Fotos: Semayat Oliveira
Por origem, a região já pertence a suas histórias. Cris Mendonça, 57, é a fundadora Xongani, existente há 6 anos, e nasceu na mesma rua onde recentemente lançou o novo ateliê, junto com a filha e sócia Ana Paula Mendonça, 26, que somou forças com a mãe dois anos após a criação da marca. O novo espaço fica na zona leste de São Paulo, em Arthur Alvim (R. Ines Monteiro 131 – Artur Alvim). É um ponto de África em um dos extremos da capital paulista, onde mulheres e homens de todas as regiões podem encontrar roupas e acessórios para africanizar seus dias. Além de itens para uso pessoal, lançam a linha “Xongani Casa”, para decoração dos lares.

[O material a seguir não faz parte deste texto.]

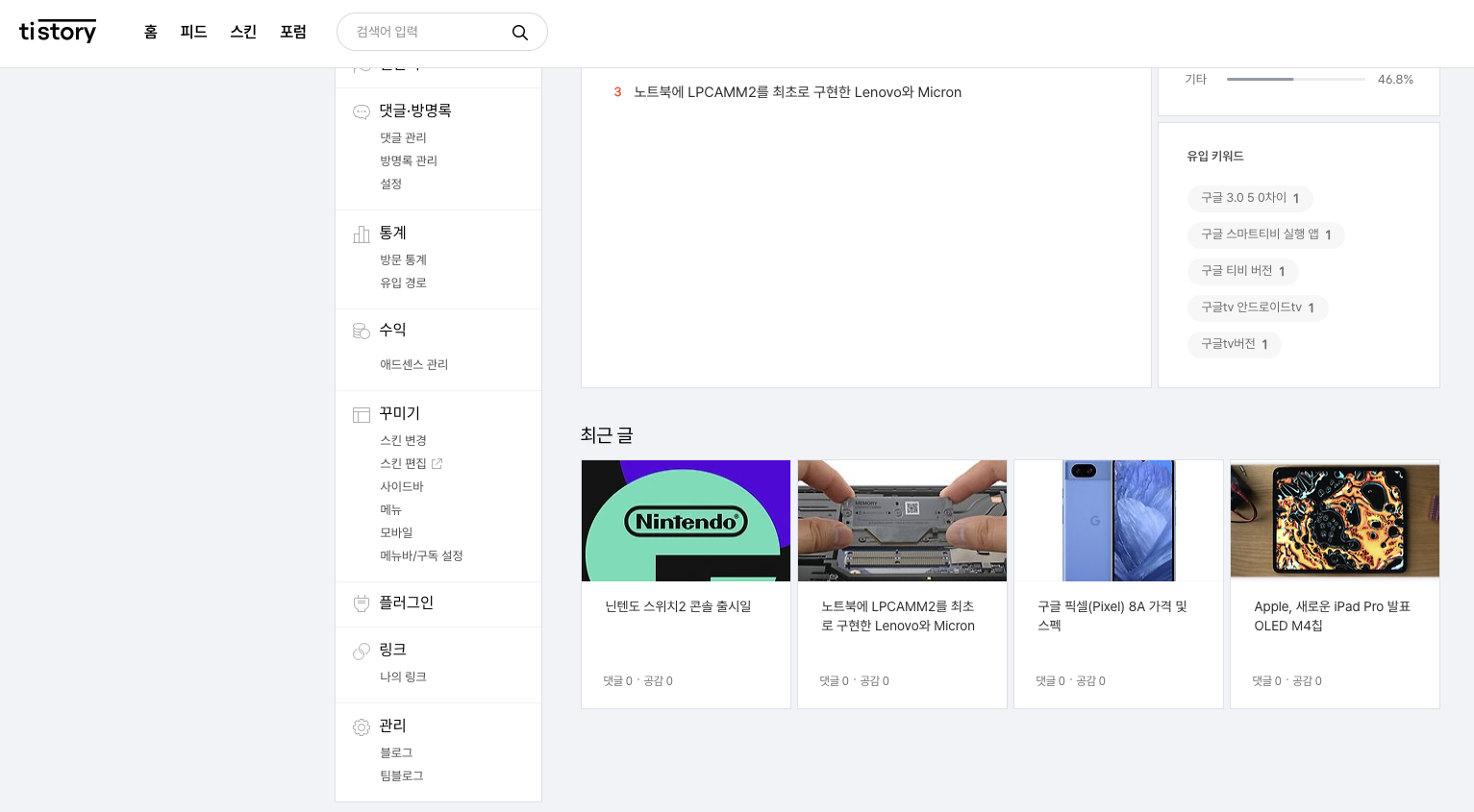 이제 티스토리 블로그에 들어오는 유저들의 데이터를 측정할 수 있겠죠.
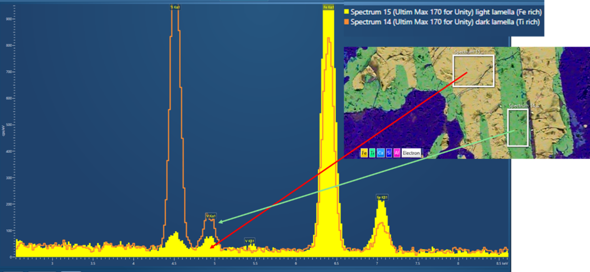 We spotted some low levels of vanadium in this data. It’s known that vanadium overlaps with titanium in EDS. In order to deal with this, I applied AZtecLive’s TruMap option to deconvolute these elements and therefore check where the V signal was coming from. Results showed that the signal remained but was at a low level. I noticed that there were exsolution lamellae present that appeared different in the Unity BSE image, so I extracted spectra from dark lamella (Ti rich) and light lamella (Fe rich) regions of the map to compare V intensity. From these EDS spectra, I could conclude that the darker lamella contained more V. Given the EDS overlap I mentioned above, however, I wanted to check that this information was correct. Ti rich lamella could seem to have more V because Ti peak could give us false positive for V.

Com uma construção baseada no esforço familiar, antes, usavam a estrutura da parte de trás da casa da mãe de Cris e avó de Ana Paula. Agora, conquistaram uma casa inteira dedicada para Xongani! Cris é empresária e responsável pela produção, criação e confecção das peças. Ana Paula também é empresaria, designer e responsável pela marca e a estética dos produtos. No dia do lançamento, último dia 15 de março, via-se pai, irmão, tias, avó e as duas empreendedoras correndo de um lado do outro para atender e recepcionar os convidados.
Durante a entrevista ao Nós, mulheres da periferia, Cris contou com que, pra ela, a coletividade é imprescindível para superar desafios e construir sonhos, “conquistar sozinho é muito ruim”. No caso dela, a família sempre esteve na linha de frente dos seus projetos. “Eu não sei pensar em vida sem família! Por sorte, criei uma sociedade com a minha filha, mas tem a minha mãe que sempre esteve comigo, minhas irmãs e todos os meus. Isso é muito bom”.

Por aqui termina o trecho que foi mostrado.